=== PROVIDED ENTRIES ===

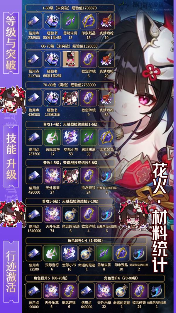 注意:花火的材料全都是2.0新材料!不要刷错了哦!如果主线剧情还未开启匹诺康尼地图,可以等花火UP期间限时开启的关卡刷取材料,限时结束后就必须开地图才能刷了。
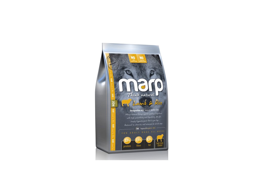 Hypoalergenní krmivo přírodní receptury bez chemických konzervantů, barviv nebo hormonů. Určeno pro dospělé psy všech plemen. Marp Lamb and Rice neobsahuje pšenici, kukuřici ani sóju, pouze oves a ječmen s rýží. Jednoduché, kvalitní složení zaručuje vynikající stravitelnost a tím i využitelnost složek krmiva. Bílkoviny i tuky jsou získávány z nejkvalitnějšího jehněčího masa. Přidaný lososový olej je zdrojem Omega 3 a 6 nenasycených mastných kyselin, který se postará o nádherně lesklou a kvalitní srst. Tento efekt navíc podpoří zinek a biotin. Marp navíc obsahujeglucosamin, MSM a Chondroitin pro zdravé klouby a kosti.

===
=== PROVIDED ENTRIES ===

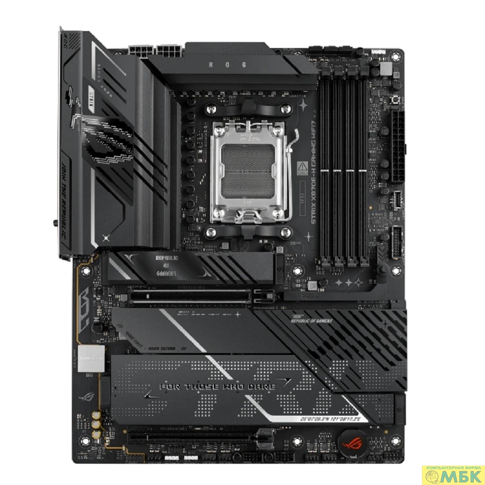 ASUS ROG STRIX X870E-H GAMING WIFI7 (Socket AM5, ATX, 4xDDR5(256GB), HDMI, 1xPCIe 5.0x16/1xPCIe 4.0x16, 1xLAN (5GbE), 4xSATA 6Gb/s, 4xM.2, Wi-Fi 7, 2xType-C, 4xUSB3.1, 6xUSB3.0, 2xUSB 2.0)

===

> EXERCISE PROMPT
The answer is the lines above from the one with "注意:花火的材料全都是2.0" to the one with "Hypoalergenní krmivo přírodní", set down exactly, with no pictures.

> THE ANSWER
 注意:花火的材料全都是2.0新材料!不要刷错了哦!如果主线剧情还未开启匹诺康尼地图,可以等花火UP期间限时开启的关卡刷取材料,限时结束后就必须开地图才能刷了。
 Hypoalergenní krmivo přírodní receptury bez chemických konzervantů, barviv nebo hormonů. Určeno pro dospělé psy všech plemen. Marp Lamb and Rice neobsahuje pšenici, kukuřici ani sóju, pouze oves a ječmen s rýží. Jednoduché, kvalitní složení zaručuje vynikající stravitelnost a tím i využitelnost složek krmiva. Bílkoviny i tuky jsou získávány z nejkvalitnějšího jehněčího masa. Přidaný lososový olej je zdrojem Omega 3 a 6 nenasycených mastných kyselin, který se postará o nádherně lesklou a kvalitní srst. Tento efekt navíc podpoří zinek a biotin. Marp navíc obsahujeglucosamin, MSM a Chondroitin pro zdravé klouby a kosti.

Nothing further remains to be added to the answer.